Work order ▸
For the entries below, copy exactly the line that contains "A simple 3D" through the line that contains "今天把这个真实的故事分享给大家。你怎么看?40 + 在上海年薪", both ends included, and exclude all pictures.

Source data ▸

┄┄┄┄┄┄

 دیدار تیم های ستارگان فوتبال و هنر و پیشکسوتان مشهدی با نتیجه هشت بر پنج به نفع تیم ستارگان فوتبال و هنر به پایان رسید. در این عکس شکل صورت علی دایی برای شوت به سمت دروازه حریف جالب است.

┄┄┄┄┄┄

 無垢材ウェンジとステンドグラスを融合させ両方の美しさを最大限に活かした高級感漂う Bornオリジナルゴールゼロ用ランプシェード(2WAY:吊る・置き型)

┄┄┄┄┄┄

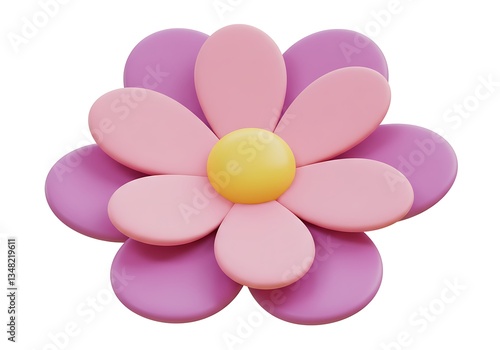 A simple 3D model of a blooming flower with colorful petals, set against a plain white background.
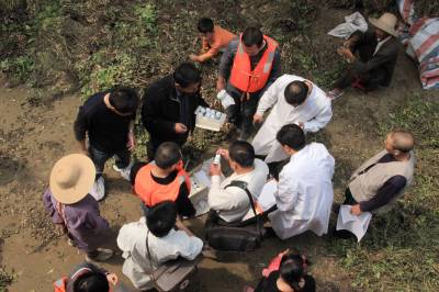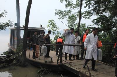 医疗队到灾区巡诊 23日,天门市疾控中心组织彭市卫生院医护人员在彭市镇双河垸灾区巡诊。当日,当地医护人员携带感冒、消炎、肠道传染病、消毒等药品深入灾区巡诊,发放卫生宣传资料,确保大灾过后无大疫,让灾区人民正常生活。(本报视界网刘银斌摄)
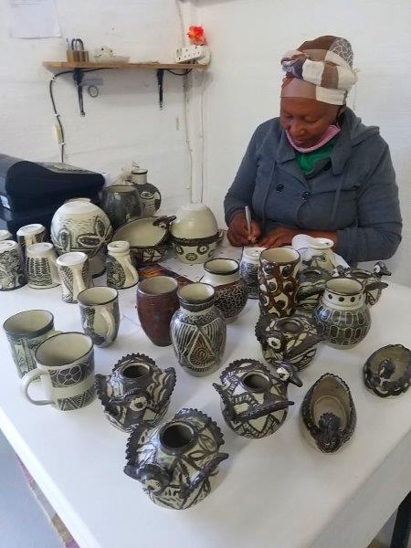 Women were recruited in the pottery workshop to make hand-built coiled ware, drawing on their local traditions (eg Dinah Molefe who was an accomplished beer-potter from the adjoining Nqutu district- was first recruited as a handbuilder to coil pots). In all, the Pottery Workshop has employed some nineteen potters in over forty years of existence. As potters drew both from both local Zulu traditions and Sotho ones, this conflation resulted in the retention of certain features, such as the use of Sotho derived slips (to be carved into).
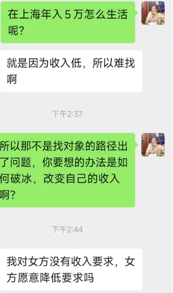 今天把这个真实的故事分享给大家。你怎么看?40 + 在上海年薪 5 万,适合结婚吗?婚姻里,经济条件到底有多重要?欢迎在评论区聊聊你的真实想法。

┄┄┄┄┄┄

Exercise answer ▸
 A simple 3D model of a blooming flower with colorful petals, set against a plain white background.
 医疗队到灾区巡诊 23日,天门市疾控中心组织彭市卫生院医护人员在彭市镇双河垸灾区巡诊。当日,当地医护人员携带感冒、消炎、肠道传染病、消毒等药品深入灾区巡诊,发放卫生宣传资料,确保大灾过后无大疫,让灾区人民正常生活。(本报视界网刘银斌摄)
 Women were recruited in the pottery workshop to make hand-built coiled ware, drawing on their local traditions (eg Dinah Molefe who was an accomplished beer-potter from the adjoining Nqutu district- was first recruited as a handbuilder to coil pots). In all, the Pottery Workshop has employed some nineteen potters in over forty years of existence. As potters drew both from both local Zulu traditions and Sotho ones, this conflation resulted in the retention of certain features, such as the use of Sotho derived slips (to be carved into).
 今天把这个真实的故事分享给大家。你怎么看?40 + 在上海年薪 5 万,适合结婚吗?婚姻里,经济条件到底有多重要?欢迎在评论区聊聊你的真实想法。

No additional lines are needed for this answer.